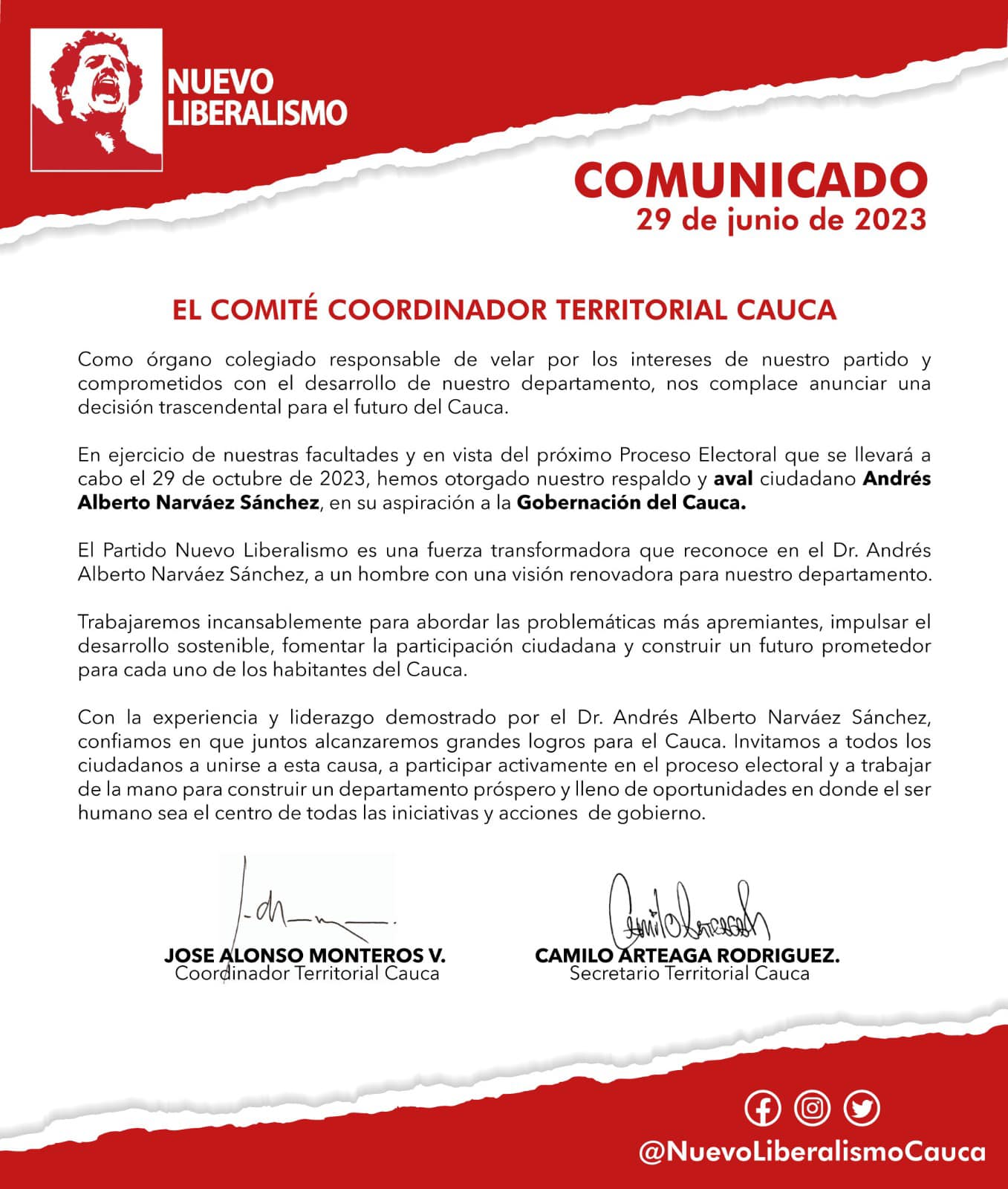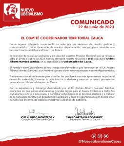 Por medio de sus redes sociales los miembros del Nuevo liberalismo anunciaron que hacia el mediodía de este jueves el Galanismo le entregó su aval para disputar la Gobernación del Cauca.
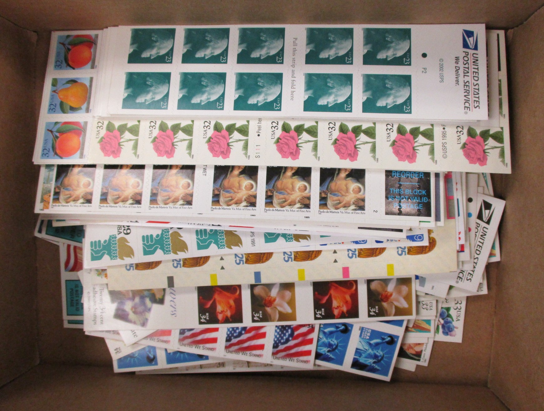 149 og imageUSA Self Adhesive Panes, 20¢ to 34¢ Values - About 150, mostly different self adhesive panes with stamp values ranging from 20¢ to 34¢. Clean, collectable, or usable. (Face $740) (Image)
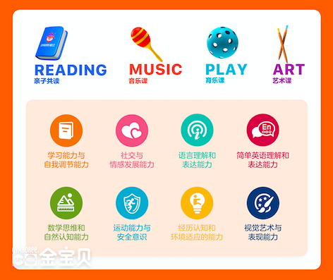此次课程发布,金宝贝将早教课程划分为六大学阶,并按照孩子的阶段性发展特点为其匹配相应的课程。其中包括育乐课、音乐课、艺术课以及亲子共读课四大模块,覆盖八大能力领域。
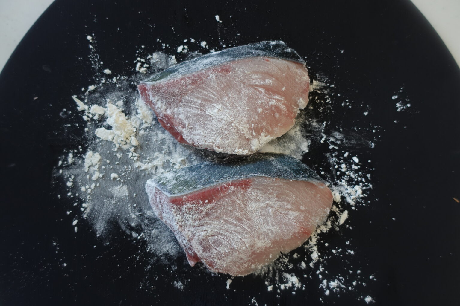 ブリの切り身は表面についている水分をペーパータオルで拭きとる。片栗粉を薄くまぶす。
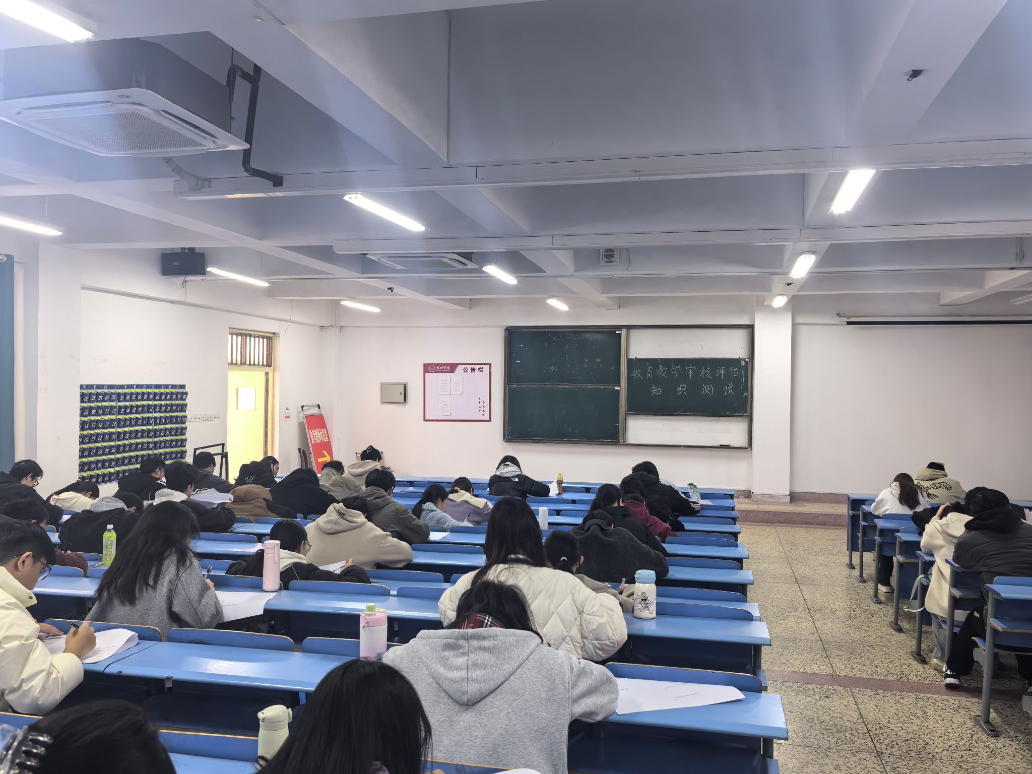 2025年3月19日下午,数学与统计学院在教学楼B103组织本科教育教学审核评估知识测试活动,学院百余名同学参加。

* _What the task asks_: All lines from the start of the entries through the one with "此次课程发布,金宝贝将早教课" are to be output exactly; omit the pictures.

* _Solution_:
 Por medio de sus redes sociales los miembros del Nuevo liberalismo anunciaron que hacia el mediodía de este jueves el Galanismo le entregó su aval para disputar la Gobernación del Cauca.
 149 og imageUSA Self Adhesive Panes, 20¢ to 34¢ Values - About 150, mostly different self adhesive panes with stamp values ranging from 20¢ to 34¢. Clean, collectable, or usable. (Face $740) (Image)
此次课程发布,金宝贝将早教课程划分为六大学阶,并按照孩子的阶段性发展特点为其匹配相应的课程。其中包括育乐课、音乐课、艺术课以及亲子共读课四大模块,覆盖八大能力领域。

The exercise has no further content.